El rostro reproduce una mueca de horror. El rostro estalla en desmesura, explora los límites de sus propios movimientos, se independiza y grita con silencio escandaloso, se queja y llora mientras el cuerpo quisiera dejar atrás un lugar que acaso ya no existe más allá de su dolor.
También hay en escena una mujer, sus pechos desnudos llevan en ellos el peso de toda la maternidad y el erotismo; en este caso en específico, ese cuerpo de mujer que se mueve en dolorosas posiciones viene a encarnar, además, la mujer, la hembra, la fiera defensora.
Luego de esta primera escena, el cuerpo femenino siempre estará en función de acompañar al masculino, con sus brazos reclamando el regreso, con sus alaridos de dolor, con sus manos acariciando, intentando apaciguar a ese hombre que se levanta, se mueve, esquiva algo en el aire, recibe golpes invisibles, se duele, cae y vuelve entonces a levantarse.
¿Has visto alguna vez una cucaracha a punto de morir? ¿La recuerdas así, panza arriba, mientras mueve sus patas y trata de virarse para escapar?
Así también el cuerpo del hombre, ese que recuerda trastazos, hambrunas, urgencias retenidas, dolores suyos y ancestrales.

Tres
De acuerdo con un estudio de la Cátedra de Biología de la Universidad de Tufts, en Boston, Massachussets, se ha podido entrenar cierta variedad de gusanos planos para observar la memoria de sus cuerpos luego de serles extirpada la cabeza.
Según los científicos, el cuerpo del platelminto, reducido a 1/279 del original, crece nuevamente en pocas semanas y es capaz de dirigirse, luego de un entrenamiento, de manera mucho más rápida hacia la luz y hacia el espacio donde puede encontrar su comida.
Si a ese mismo cuerpo, que a la sazón ha generado ya una nueva cabeza, le es retirada otra vez su parte superior se observa que cada vez que es decapitado se reducen los tiempos de aprendizaje, como si el cuerpo mutilado del gusano fuese capaz de almacenar entre sus células de acción locomotora el camino hacia el sitio donde puede alimentarse y persistir.

Cuatro
Juguemos a la memoria.
Un hombre ha pasado diez meses de su vida encerrado en un espacio reducido.
Allí su cabeza viaja a velocidades antes desconocidas, mientras su cuerpo repite acciones que luego de unos días se convierten en rutinarias.
Así su esqueleto aprende a dormir en posiciones inéditas, cada músculo se moviliza a la perfección para evitar el dolor físico, la carencia de energía que produce la falta de alimento, la falta de esperanza.
Después de unos días de intenso sufrimiento mental y emocional la cabeza se escapa y el cuerpo toma posesión de todo el hombre.
Abre la boca, mastica y traga.
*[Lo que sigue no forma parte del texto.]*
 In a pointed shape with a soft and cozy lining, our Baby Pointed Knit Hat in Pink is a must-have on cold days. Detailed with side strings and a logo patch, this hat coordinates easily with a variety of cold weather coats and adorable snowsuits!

Camina por el espacio reducido de una celda. Busca la luz, respira. Recuerda, acaso, el calor de las manos de la madre, de los besos de la amante, de la cama olvidada de su niñez.
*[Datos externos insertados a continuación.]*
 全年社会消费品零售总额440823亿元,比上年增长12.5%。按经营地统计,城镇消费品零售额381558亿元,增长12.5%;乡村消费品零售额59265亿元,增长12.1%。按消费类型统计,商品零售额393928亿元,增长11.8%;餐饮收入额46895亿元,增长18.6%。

Cuando el hombre es, finalmente, puesto en libertad prefiere no hablar mucho sobre su experiencia dolorosa. Deja entonces que su cuerpo traduzca cada sensación, cada vivencia, cada horror.
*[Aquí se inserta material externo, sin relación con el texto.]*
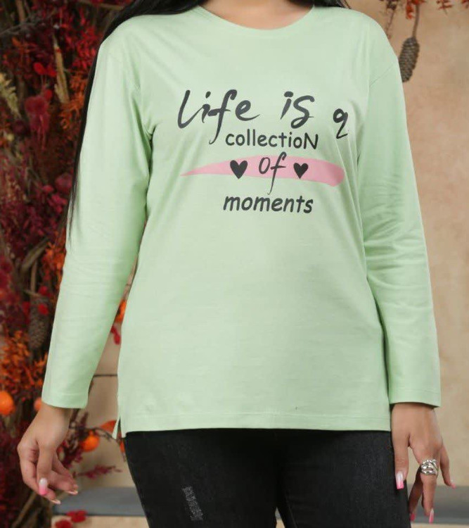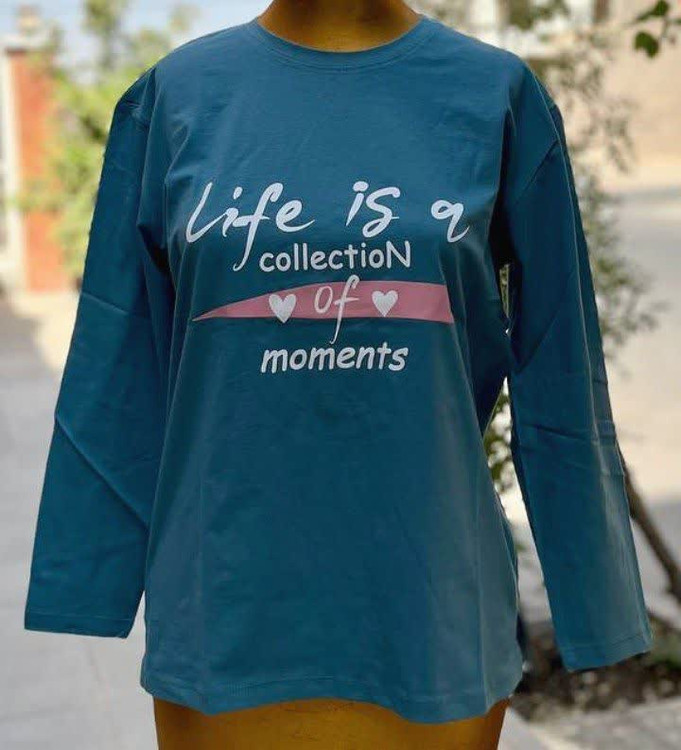 بلوز زنانه دخترانه آستین بلند چاپ Life جنس پنبه درجه یک با تنخور ساده و شیک

El cuerpo de un hombre adolorido recuerda, deja la mente fuera para mantenerla lo más sana posible, e intenta su andar por entre la memoria, una y otra vez para que recordemos junto a él los dolores ancestrales de nuestros bisabuelos esclavos, de nuestros abuelos mambises, de nuestros padres milicianos, de nuestros hijos, los presos del 11J.